Le regard sur l’homme : l’homme est capable du pire, surtout si nous l’examinons en grande société… Individuellement, beaucoup d’entre nous sommes capables du meilleur, qui peuvent faillir, mais aussi se relever .. Nous voyons qu’il y a dans l’homme une ressource de changement , de liberté … Nous pouvons espérer dans l’humanité … avec ce conflit en chacun de nous, entre le vieil homme et le nouvel homme… La foi en la résurrection n’est pas un optimiste beat, la foi ne donne par l’orgueil du savoir.. La Vérité de ma foi, c’est d’abord ce qu’elle me fait vivre. Dans la résurrection , je puise l’espérance dans l’humanité, l’Evangile rend capable de vivre autrement … L’espérance n’est pas une certitude …
Voir de J. Moingt : « L’homme qui venait de Dieu »
La fin de la religion ?
En Occident, le christianisme annonce et prépare depuis plusieurs siècles la fin de la religion. Il ne tient qu’à elle ensuite d’être La religion de la fin des
religions… !
Au risque, à mon avis, que
l’occident perde son âme, coupée de l’Esprit…
En effet : les causes du déclin de la religion sont :
- le mysticisme et cette recherche d’une relation directe à Dieu sans passer par le prêtre ( l’histoire de l’Eglise est jalonnée de ce désir spirituel de liberté …

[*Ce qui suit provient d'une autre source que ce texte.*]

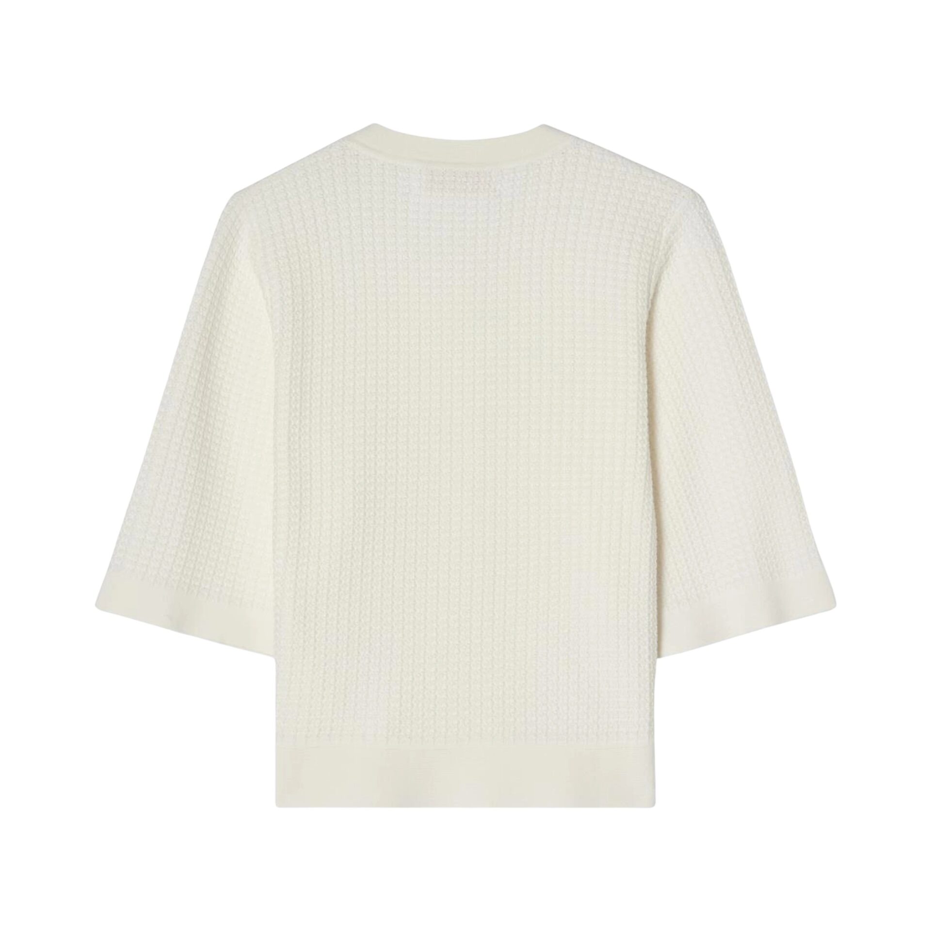Cardigan til dame fra Busnel i luksuriøs vaffelstrikk med boxy passform og vide, albuelange ermer. Dekorert med signaturknapper i gull, to frontlommer og logo-patch på ermet. En anvendelig cardigan som blir en tidløs favoritt i garderoben.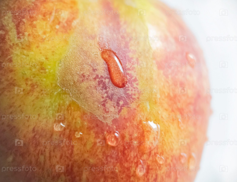 Красно-желтое яблоко с капельками воды на поверхности. Текстура или фон. Макро

- Ensuite, cette promotion humaniste de la personne prend son essor avec la modernité et la philosophie des lumières…
- Enfin, le chrétien ‘ moderne ‘ veut mettre son christianisme dans la vie, et non pas seulement dans les rites ( qui deviennent ensuite des objets culturels , vidés de leur sens..). Il est souvent amené à rechercher l’esprit originel des Évangiles à la marge de l’institution…
Le danger est qu’un humanisme qui serait
purement naturaliste et rationaliste, ne puisse survivre, faute de sens … Ce courant, légitime et non religieux a des sources chrétiennes et ce sont ces sources chrétiennes qui peuvent
encore sauver notre monde… Actuellement, l’eschatologie est encore très chrétienne, la morale communément partagée est dans son idéal assez évangélique, mais sans ‘ la Foi ‘, la notion de progrès
ne va se traduire que par les données quantifiées d’un bonheur matériel ( beaucoup d’argent, de profits, ..). La personne est essentiellement relationnelle . Cependant, la vision de
l’ultralibéralisme conçoit son progrès : chacun indépendamment de l’autre, voire de l’Etat … Et si s’enrichir revient à appauvrir d’autres gens, la notion de mérite adaptera ce salut
matériel à des raisons individualistes ( travail sur soi essentiellement… ( motivation, désir de vaincre, …) .. ) Le rôle de la religion serait alors de réagir, et de garder le sens de l’infini,
de l’absolu ( lié au sens de l’existence ..), et de l’altruisme ( compassion, souci de l’autre comme membre d’un même corps ( St-Paul…) )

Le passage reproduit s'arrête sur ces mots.